#### [Excerpted records]
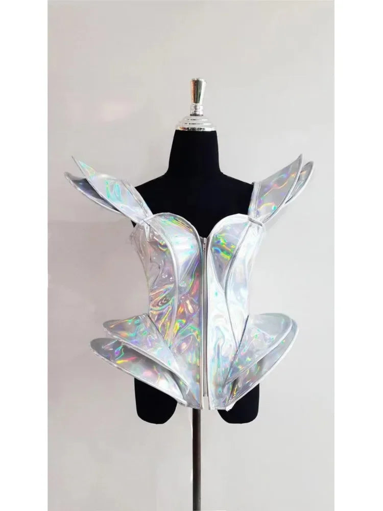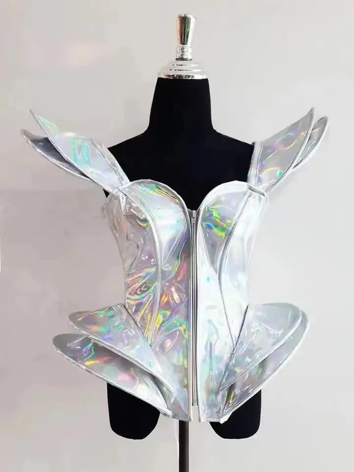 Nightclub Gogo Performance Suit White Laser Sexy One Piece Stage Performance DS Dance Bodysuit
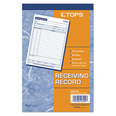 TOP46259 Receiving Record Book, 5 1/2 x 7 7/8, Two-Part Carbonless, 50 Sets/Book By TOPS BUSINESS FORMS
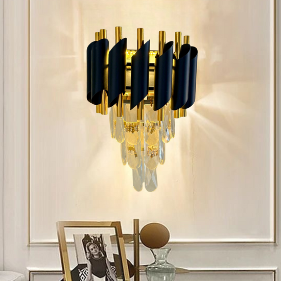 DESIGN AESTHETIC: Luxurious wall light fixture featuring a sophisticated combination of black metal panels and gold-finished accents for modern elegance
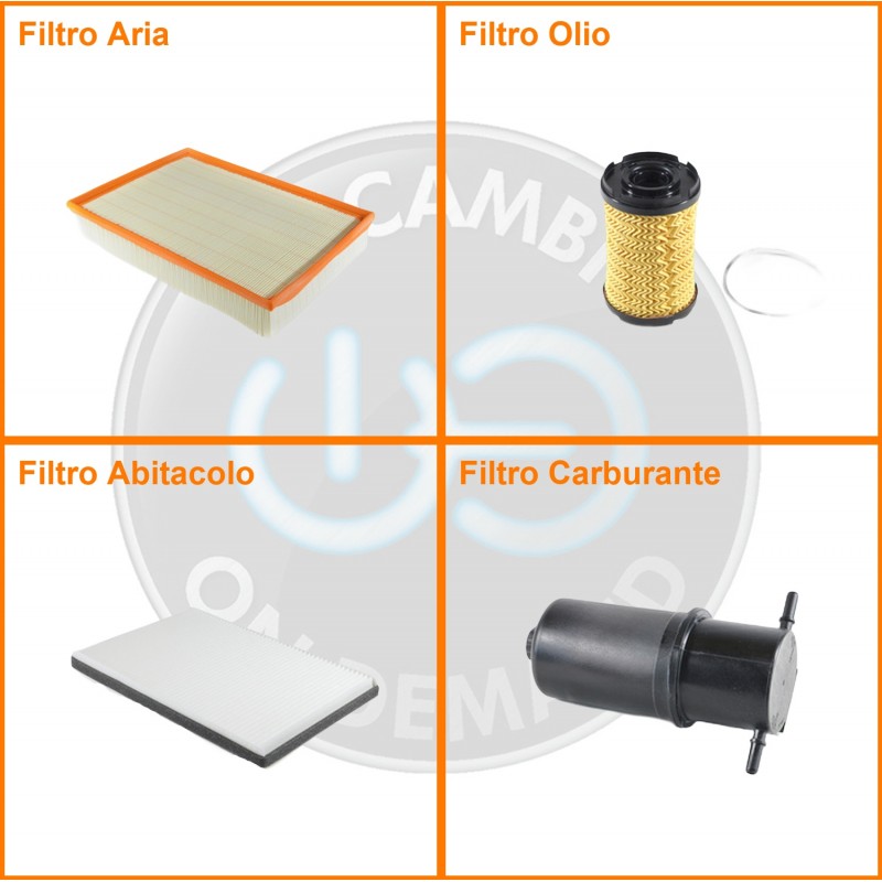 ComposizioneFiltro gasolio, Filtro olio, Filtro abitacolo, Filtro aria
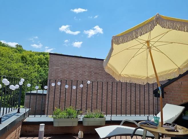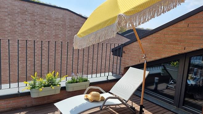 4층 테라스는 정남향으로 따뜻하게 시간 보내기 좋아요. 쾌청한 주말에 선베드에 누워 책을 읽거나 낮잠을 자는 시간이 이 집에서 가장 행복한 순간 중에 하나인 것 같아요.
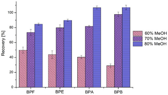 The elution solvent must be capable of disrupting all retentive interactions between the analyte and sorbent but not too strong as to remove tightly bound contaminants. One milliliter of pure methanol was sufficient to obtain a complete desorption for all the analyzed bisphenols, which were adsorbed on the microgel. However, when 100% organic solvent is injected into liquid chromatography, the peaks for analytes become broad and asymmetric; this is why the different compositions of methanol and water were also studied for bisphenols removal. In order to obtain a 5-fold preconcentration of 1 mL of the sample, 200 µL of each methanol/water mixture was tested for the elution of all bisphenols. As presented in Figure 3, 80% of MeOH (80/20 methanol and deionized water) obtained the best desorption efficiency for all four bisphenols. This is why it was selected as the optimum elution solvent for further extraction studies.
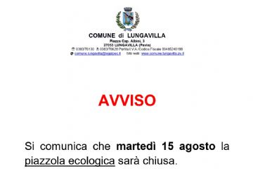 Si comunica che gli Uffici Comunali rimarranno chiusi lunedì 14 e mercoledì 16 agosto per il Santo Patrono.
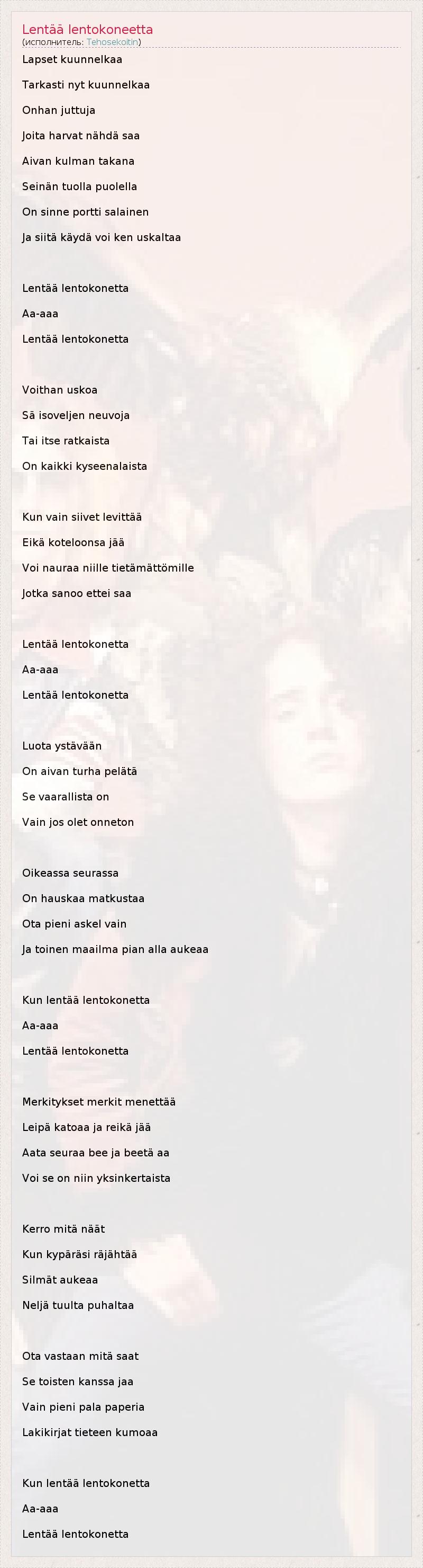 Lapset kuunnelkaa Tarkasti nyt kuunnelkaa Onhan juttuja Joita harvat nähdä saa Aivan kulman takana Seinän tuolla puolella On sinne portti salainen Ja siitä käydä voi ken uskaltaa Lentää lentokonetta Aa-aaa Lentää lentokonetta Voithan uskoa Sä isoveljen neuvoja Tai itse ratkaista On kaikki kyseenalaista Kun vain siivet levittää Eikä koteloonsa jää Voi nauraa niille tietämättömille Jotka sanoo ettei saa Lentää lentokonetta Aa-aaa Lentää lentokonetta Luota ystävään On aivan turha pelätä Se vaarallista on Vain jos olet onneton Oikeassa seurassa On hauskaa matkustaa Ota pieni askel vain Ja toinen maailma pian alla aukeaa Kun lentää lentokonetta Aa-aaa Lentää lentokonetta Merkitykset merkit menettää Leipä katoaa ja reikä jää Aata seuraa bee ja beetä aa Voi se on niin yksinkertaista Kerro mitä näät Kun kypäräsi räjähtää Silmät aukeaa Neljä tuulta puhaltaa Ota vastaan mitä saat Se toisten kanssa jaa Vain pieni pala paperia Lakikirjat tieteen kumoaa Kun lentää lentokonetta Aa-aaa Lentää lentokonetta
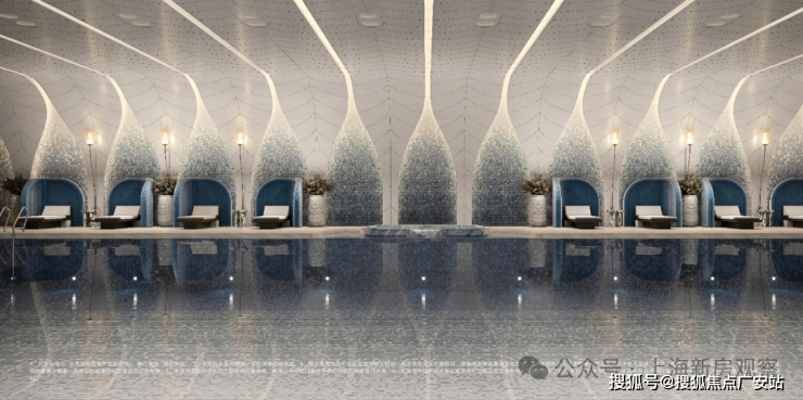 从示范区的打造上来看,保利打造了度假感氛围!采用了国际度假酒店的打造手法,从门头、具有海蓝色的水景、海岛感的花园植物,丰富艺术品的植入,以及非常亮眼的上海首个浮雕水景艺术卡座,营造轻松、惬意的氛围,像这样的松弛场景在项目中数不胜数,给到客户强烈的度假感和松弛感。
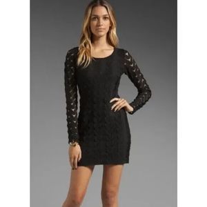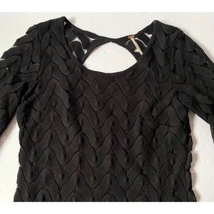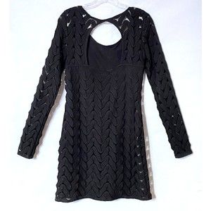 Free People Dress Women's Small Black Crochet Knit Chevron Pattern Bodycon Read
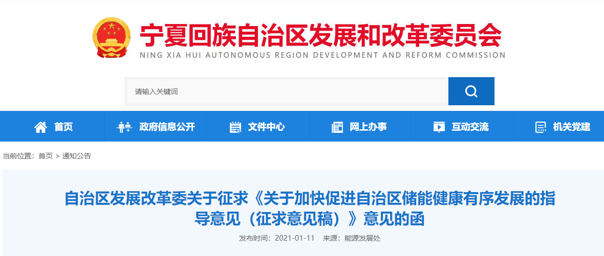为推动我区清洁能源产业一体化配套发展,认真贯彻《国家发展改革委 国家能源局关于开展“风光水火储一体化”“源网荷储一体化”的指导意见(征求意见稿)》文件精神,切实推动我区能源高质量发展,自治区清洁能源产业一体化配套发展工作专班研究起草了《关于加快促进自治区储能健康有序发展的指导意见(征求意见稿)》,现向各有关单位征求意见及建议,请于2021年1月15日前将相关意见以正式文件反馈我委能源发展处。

* * *

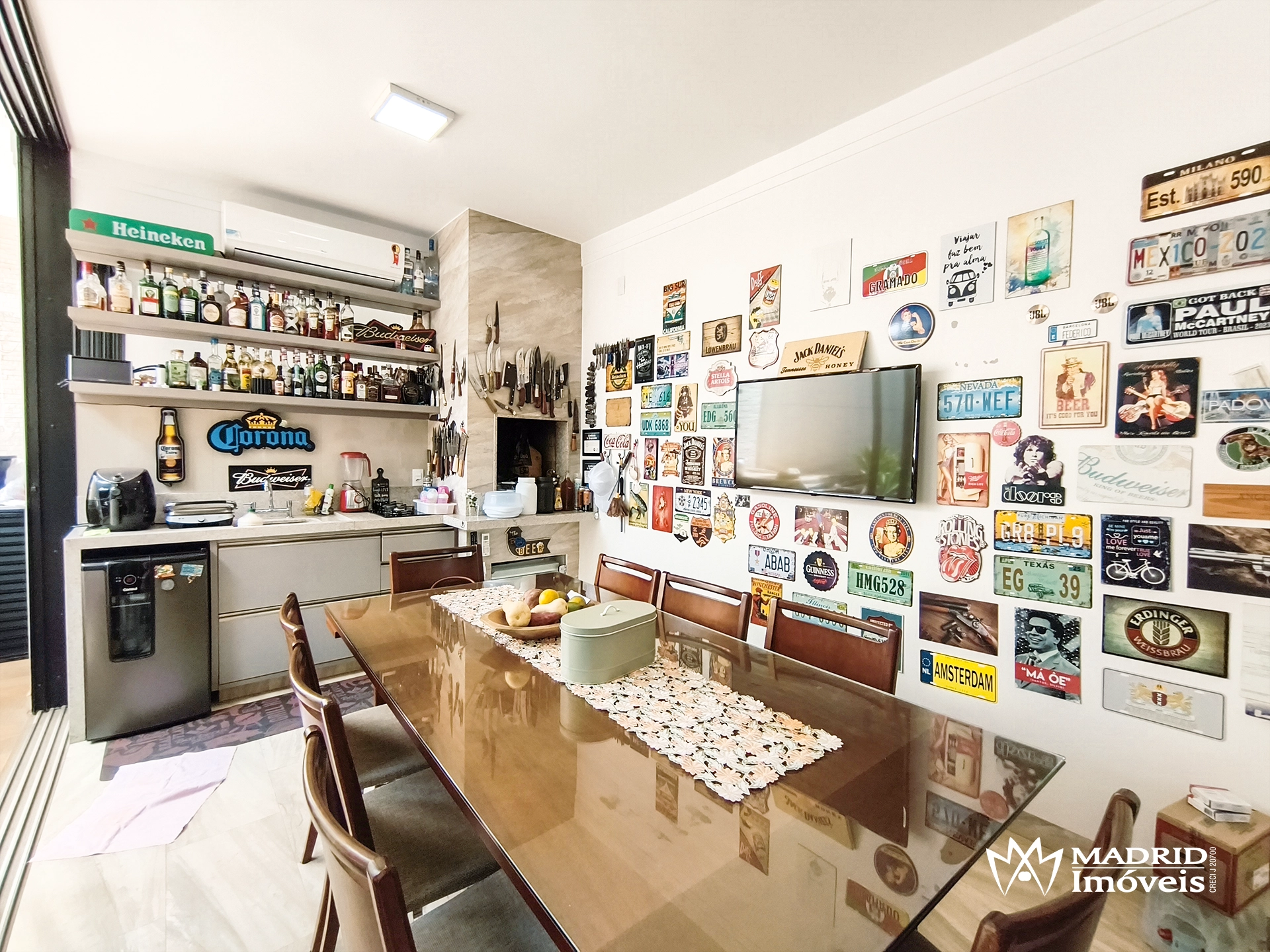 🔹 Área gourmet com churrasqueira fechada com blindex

#### [How to complete this task]
What you return must match the lines above from the one with "DESIGN AESTHETIC: Luxurious" through the one with "Si comunica che" exactly, with both ends included and the pictures excluded.

#### [Result of this task]
 DESIGN AESTHETIC: Luxurious wall light fixture featuring a sophisticated combination of black metal panels and gold-finished accents for modern elegance
 ComposizioneFiltro gasolio, Filtro olio, Filtro abitacolo, Filtro aria
 4층 테라스는 정남향으로 따뜻하게 시간 보내기 좋아요. 쾌청한 주말에 선베드에 누워 책을 읽거나 낮잠을 자는 시간이 이 집에서 가장 행복한 순간 중에 하나인 것 같아요.
 The elution solvent must be capable of disrupting all retentive interactions between the analyte and sorbent but not too strong as to remove tightly bound contaminants. One milliliter of pure methanol was sufficient to obtain a complete desorption for all the analyzed bisphenols, which were adsorbed on the microgel. However, when 100% organic solvent is injected into liquid chromatography, the peaks for analytes become broad and asymmetric; this is why the different compositions of methanol and water were also studied for bisphenols removal. In order to obtain a 5-fold preconcentration of 1 mL of the sample, 200 µL of each methanol/water mixture was tested for the elution of all bisphenols. As presented in Figure 3, 80% of MeOH (80/20 methanol and deionized water) obtained the best desorption efficiency for all four bisphenols. This is why it was selected as the optimum elution solvent for further extraction studies.
 Si comunica che gli Uffici Comunali rimarranno chiusi lunedì 14 e mercoledì 16 agosto per il Santo Patrono.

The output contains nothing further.